▶ **Assigned task**:
Below are entries; repeat exactly, and nothing else, the lines from the one holding "Son Excellence Sano" through the one holding "All eksisterende bunntekking", inclusive. Leave the pictures out.

[Start of section]

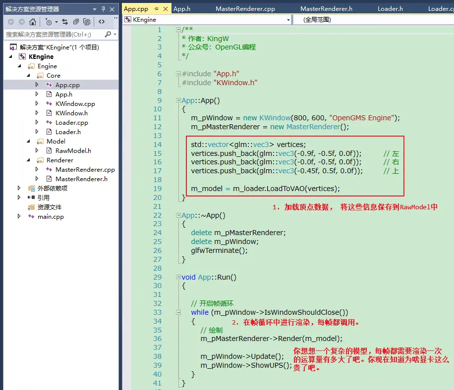 图形程序也是程序,它只有渲染的那部分是借助GPU完成的, 而关于逻辑运算,比如:加载游戏数据,处理游戏中玩家的输入,游戏逻辑等这些操作还是在GPU上运行的。游戏数据包括游戏需要显示的数据,比如:游戏人物的网格数据,怪物的网格数据等;还有就是玩家数据,比如得分、等级等。前者需要从本地磁盘读取,加载到内存中,需要显示的时候,才调用相关的OpenGL命令将数据从内存中发送到GPU的显存。大家都知道,既然这些数据需要在显卡上做计算,那么当然GPU从显存中拿数据比从内存中拿数据要快得多。OpenGL就提供了管理显存中需要渲染数据的对象VAO和VBO。
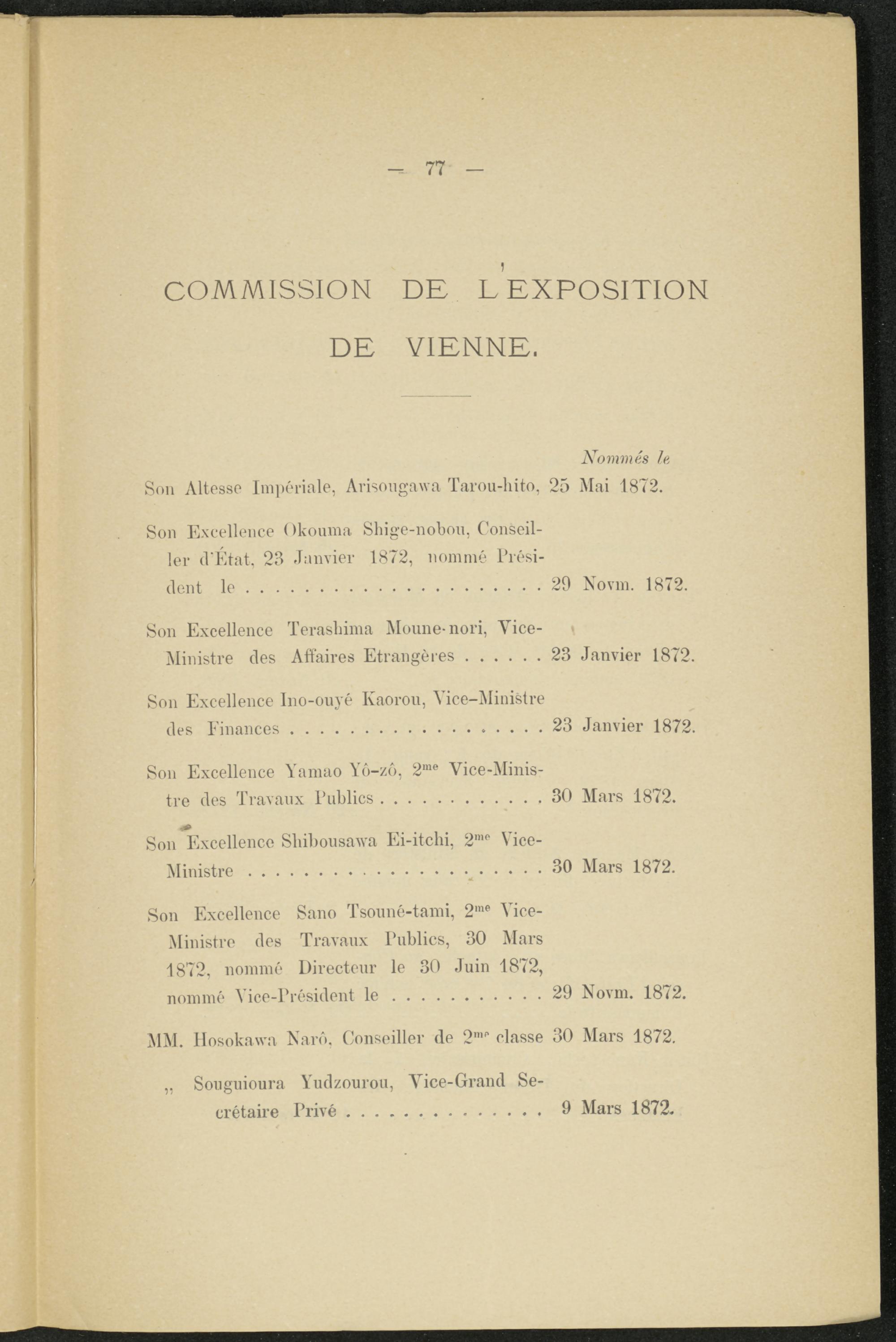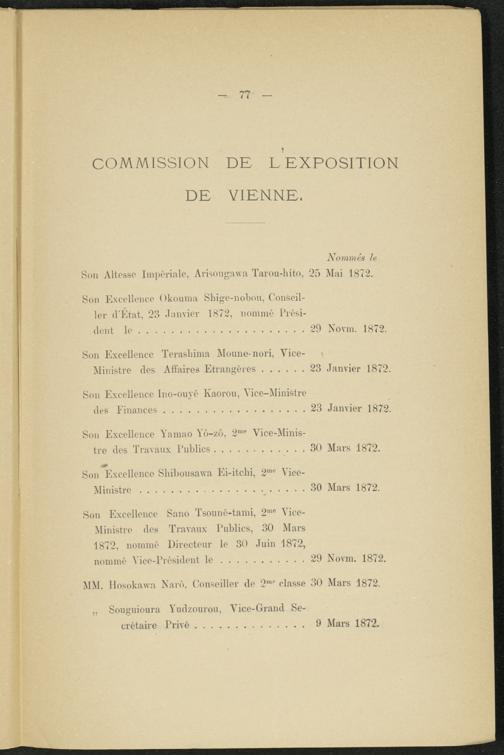 Son Excellence Sano Tsouné-tami, 2 ,ne Vice- Ministre des Travaux Publics, 30 Mars 1872, nommé Directeur le 30 Juin 1872, nommé Vice-Président le.29 Novm. 1872.
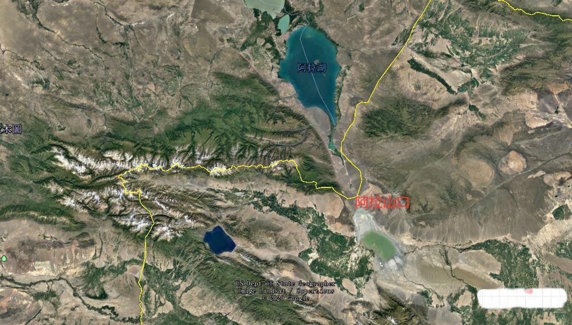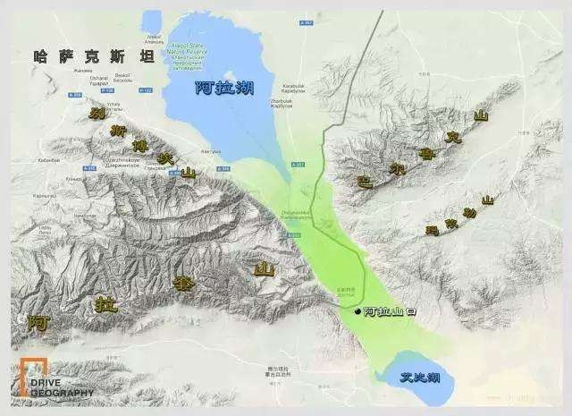 阿拉山口,古突厥语为"各种花色"之意。地处阿拉套山、巴尔鲁克山之间,距博乐市东北73公里,山口通道北临哈萨克斯坦共和国阿拉库里湖,南接艾比湖。海拔190—340米,是著名的风口。距相邻的哈萨克斯坦多斯特克口岸12千米。
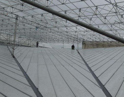 All eksisterende bunntekking skulle skiftes, samt isolasjon. Det var av den grunn nødvendig med Tak over Tak til dette prosjekt, for å hindre lekkasje og fuktskader ned i konstruksjon og aula.
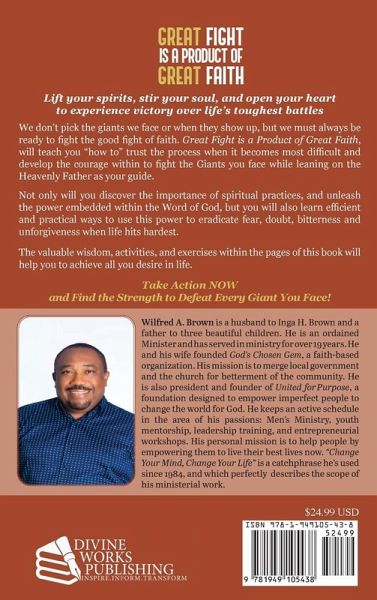 Lift your spirits, stir your soul, and open your heart to experience victory over life's toughest battles We don't pick the giants we face or when they show up, but we must always be ready to fight the good fight of faith. Great Fight is a Product of Great Faith, will teach you "how to" trust the process when it becomes most difficult and develop the courage within to fight the Giants you face while leaning on the Heavenly Father as your guide. Not only will you discover the importance of spiritual practices, and unleash the power embedded within the Word of God, but you will also learn efficient and practical ways to use this power to eradicate fear, doubt, bitterness and unforgiveness when life hits hardest. The valuable wisdom, activities, and exercises within the pages of this book will help you to achieve all you desire in life. Take Action NOW and Find the Strength Defeat Every Giant You Face!
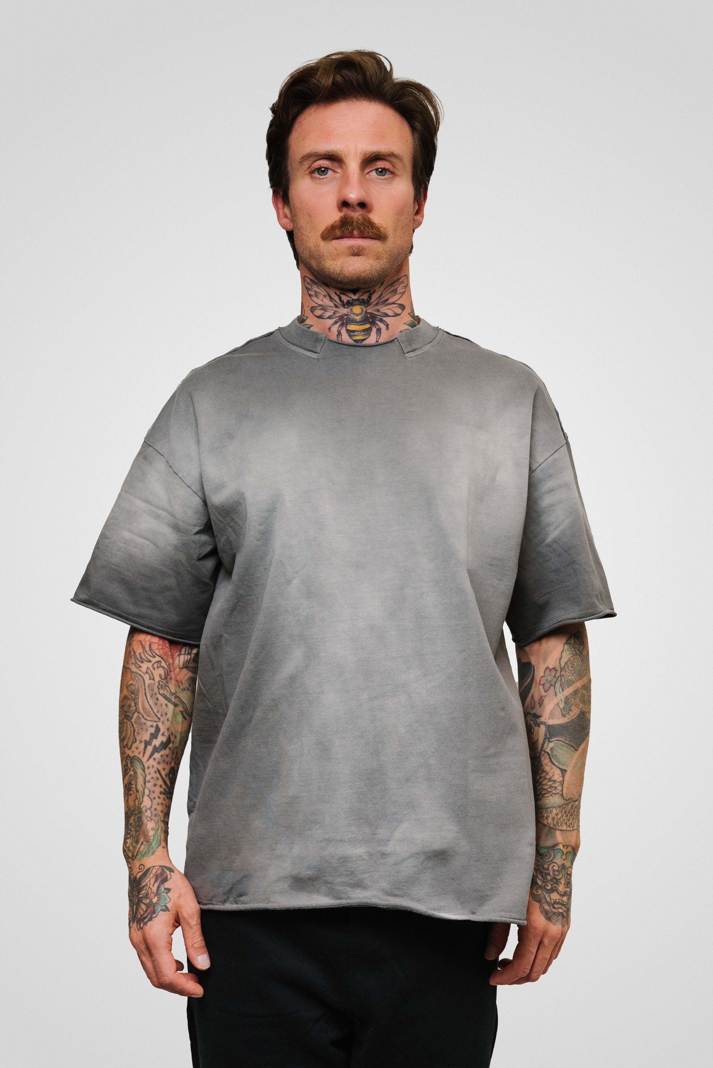 THE DISTRESSED SPRAY FRAYED EDGES TEE GREY - Shoebuya Design
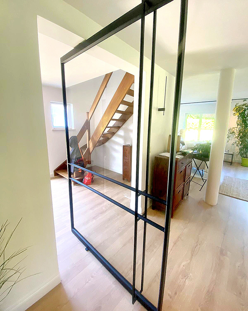 - Stalen binnendeuren met glas. Het glas laat natuurlijk licht binnen en creëert een open gevoel, perfect voor ruimtes waar je de inval van natuurlijk licht wil maximaliseren.
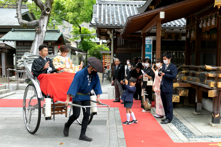 挙式の後は人力車に持って、境内から京都御所周辺の周遊が楽しめます。
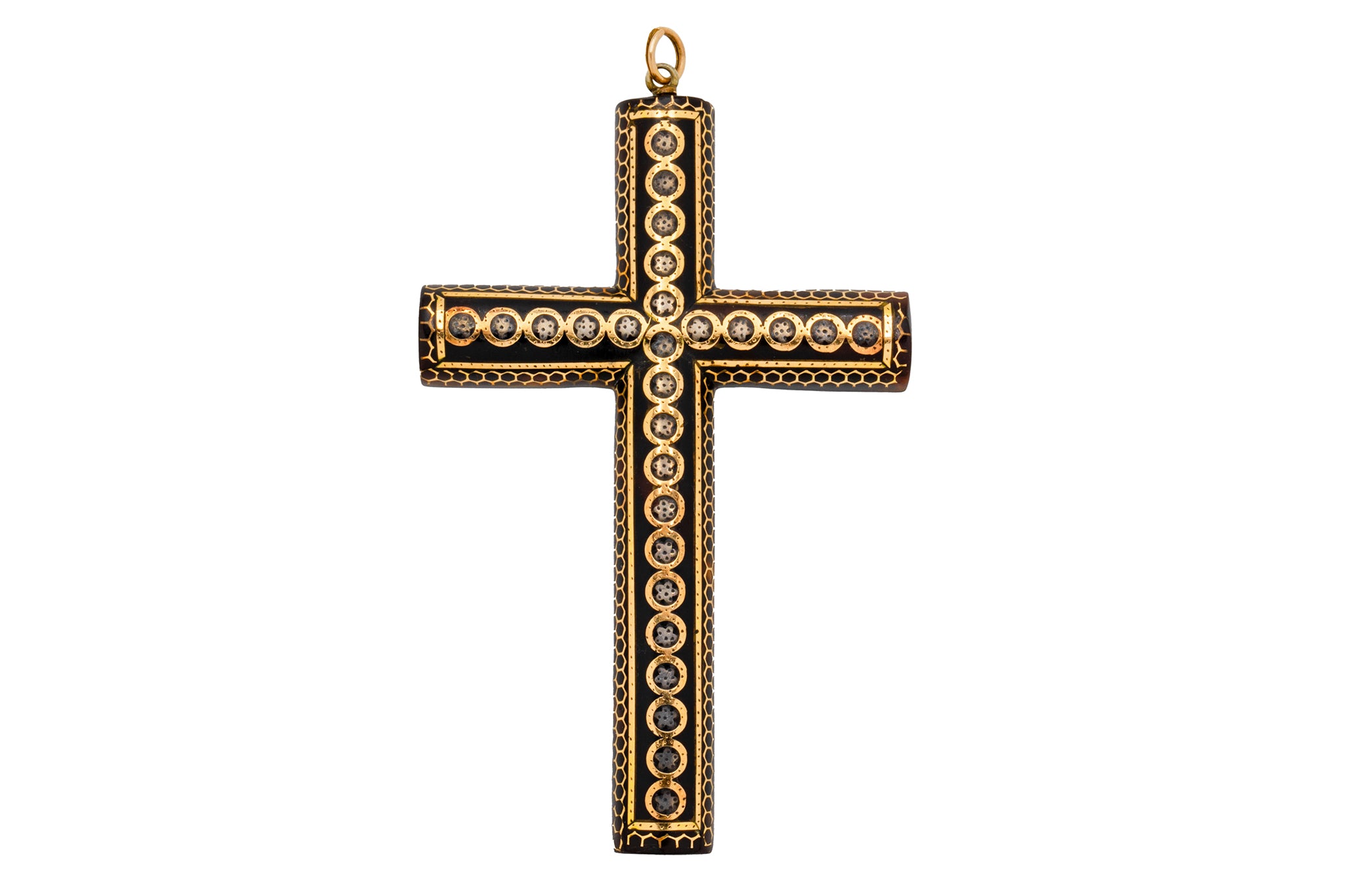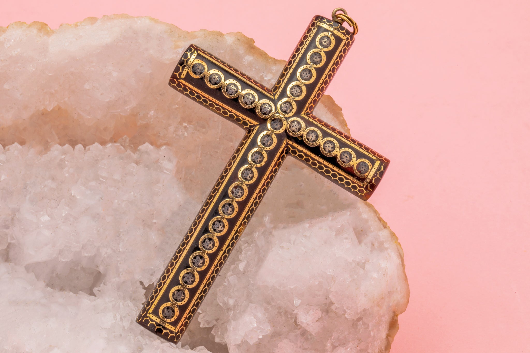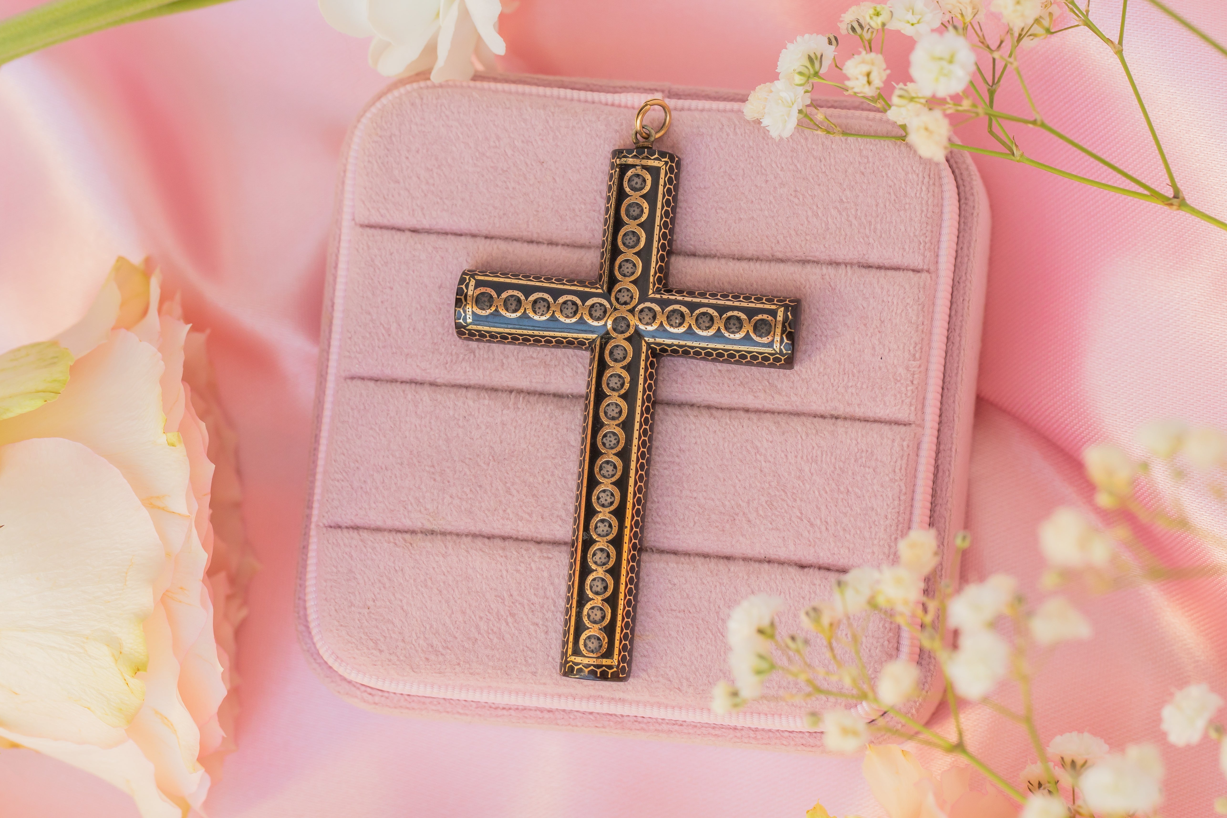 Pendentif Croix Pique en Or 9ct Victorien, Anneau Fendu en Or 18ct
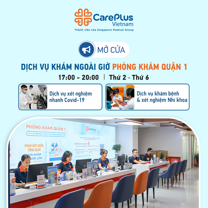 To bring customers the most convenient and quality service experiences, from 1 July 2022, District 1 CarePlus clinic extends the working hours from 17:00 to 20:00, Monday to Friday, for Pediatric services, Pediatric Laboratory, and Covid-19 Rapid Testing.
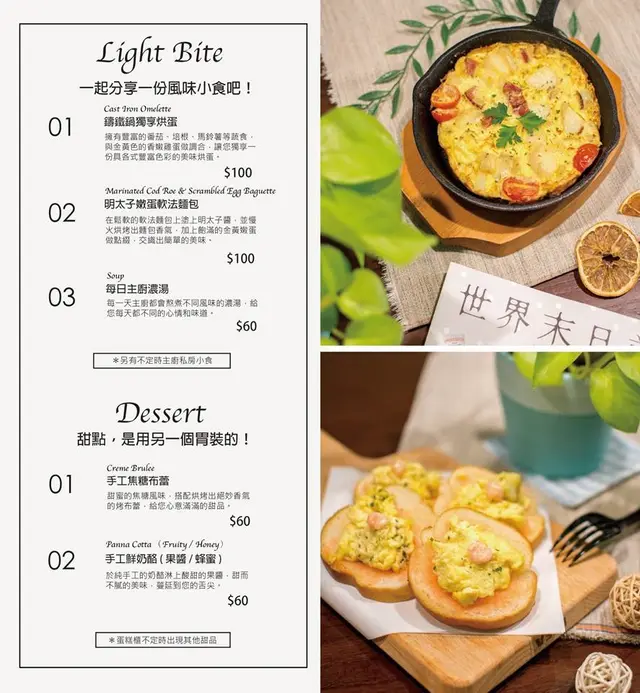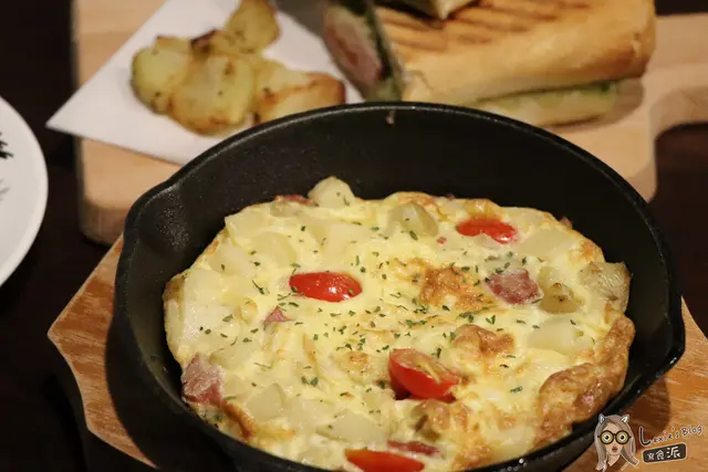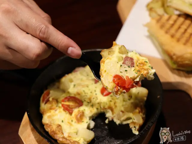 烘蛋上桌就聞到蛋的焦香味,裡面有番茄、培根、馬鈴薯,口味輕盈,男女老少都適合的小前菜

[End of section]

▶ **Reply to the task**:
 Son Excellence Sano Tsouné-tami, 2 ,ne Vice- Ministre des Travaux Publics, 30 Mars 1872, nommé Directeur le 30 Juin 1872, nommé Vice-Président le.29 Novm. 1872.
 阿拉山口,古突厥语为"各种花色"之意。地处阿拉套山、巴尔鲁克山之间,距博乐市东北73公里,山口通道北临哈萨克斯坦共和国阿拉库里湖,南接艾比湖。海拔190—340米,是著名的风口。距相邻的哈萨克斯坦多斯特克口岸12千米。
 All eksisterende bunntekking skulle skiftes, samt isolasjon. Det var av den grunn nødvendig med Tak over Tak til dette prosjekt, for å hindre lekkasje og fuktskader ned i konstruksjon og aula.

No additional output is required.